HPL FAQ

General questions

What is HPL?

HPL is a portable implementation of the Linpack benchmark.

What is the license for the HPL code?

All components of the code are distributed under the original BSD license.

Where do I send my suggestions or questions about HPCC?

Please send your questions to dongarra @ eecs.utk.edu.

What does HPL measure?

HPL measures the floating point execution rate for solving a system of linear equations.

What software in addition to the benchmark program is needed?

User must supply a machine specific version of MPI and the BLAS.

What is Gflop/s?

Gflop/s is a rate of execution - billion (ten to the 9th power) of floating point operations per second. Whenever this term is used it refers to 64-bit floating point operations and the operations are either addition or multiplication (a “fused” multiply/add is counted as two floating point operations).

What is the theoretical peak performance?

The theoretical peak is based not on an actual performance from a benchmark run, but on a paper computation to determine the theoretical peak rate of execution of floating point operations for the machine. This is the number manufacturers often cite; it represents an upper bound on performance. That is, the manufacturer guarantees that programs will not exceed this rate-sort of a "speed of light" for a given computer. The theoretical peak performance is determined by counting the number of floating-point additions and multiplications (in full precision) that can be completed during a period of time, usually the cycle time of the machine. For example, an Intel Itanium 2 at 1.5 GHz can complete 4 floating point operations per cycle or a theoretical peak performance of 6 GFlop/s.

Why is my performance results below the theoritical peak?

The performance of a computer is a complicated issue, a function of many interrelated quantities. These quantities include the application, the algorithm, the size of the problem, the high-level language, the implementation, the human level of effort used to optimize the program, the compiler's ability to optimize, the age of the compiler, the operating system, the architecture of the computer, and the hardware characteristics. The results presented for this benchmark suite should not be extolled as measures of total system performance (unless enough analysis has been performed to indicate a reliable correlation of the benchmarks to the workload of interest) but, rather, as reference points for further evaluations.

Why are the performance results for my computer different than some other machine with the same characteristics?
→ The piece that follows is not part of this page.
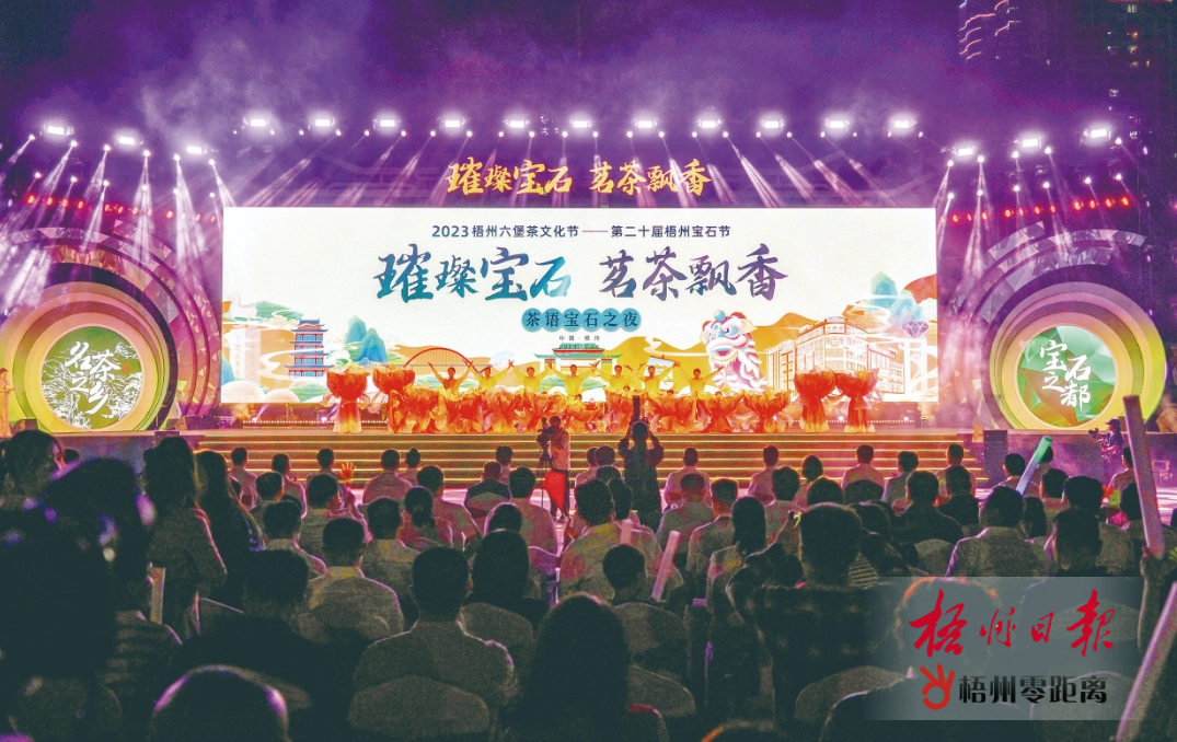 梧州零距離網(wǎng)-梧州日報訊(記者 姚藍(lán)婷)秋風(fēng)拂面,樂曲激昂。10月15日晚,“璀璨寶石 茗茶飄香”2023梧州六堡茶文化節(jié)—第二十屆梧州寶石節(jié)“茶語寶石”之夜晚會在市政廣場舉辦。

There are many reasons why your results may vary from results recorded in previous machines. Issues such as load on the system, accuracy of the clock, compiler options, version of the compiler, size of cache, bandwidth from memory, amount of memory, etc can effect the performance even when the processors are the same.

What about the one processor case?

HPL has been designed to perform well for large problem sizes on hundreds of nodes and more. The software works on one node and for large problem sizes, one can usually achieve pretty good performance on a single processor as well. For small problem sizes however, the overhead due to message-passing, local indexing and so on can be significant.

Can HPL be outperformed?

Certainly. There is always room for performance improvements (unless you've reached the theoretical peak of you machine). Specific knowledge about a particular system is always a source of performance gains. Even from a generic point of view, better algorithms or more efficient formulation of the classic ones are potential winners.

How do I tune HPL?

You need to modify the input data file HPL.dat. This file should reside in the same directory as the executable hpl/bin//xhpl. An example HPL.dat file is provided by default but is not optimal for any practical system. This file contains information about the problem sizes, machine configuration, and algorithm features to be used by the executable.

What is the relation of this benchmark to the Linpack benchmark?

The Linpack benchmark called the Highly Parallel Computing Benchmark can be found in Table 3 of the Linpack Benchmark Report (PDF). This benchmark attempts to measure the best performance of a machine in solving a system of equations. The problem size and software can be chosen to produce the best performance. HPL is the benchmark often used for the TOP500 report.

Input file

What problem size (matrix dimension N) should I use?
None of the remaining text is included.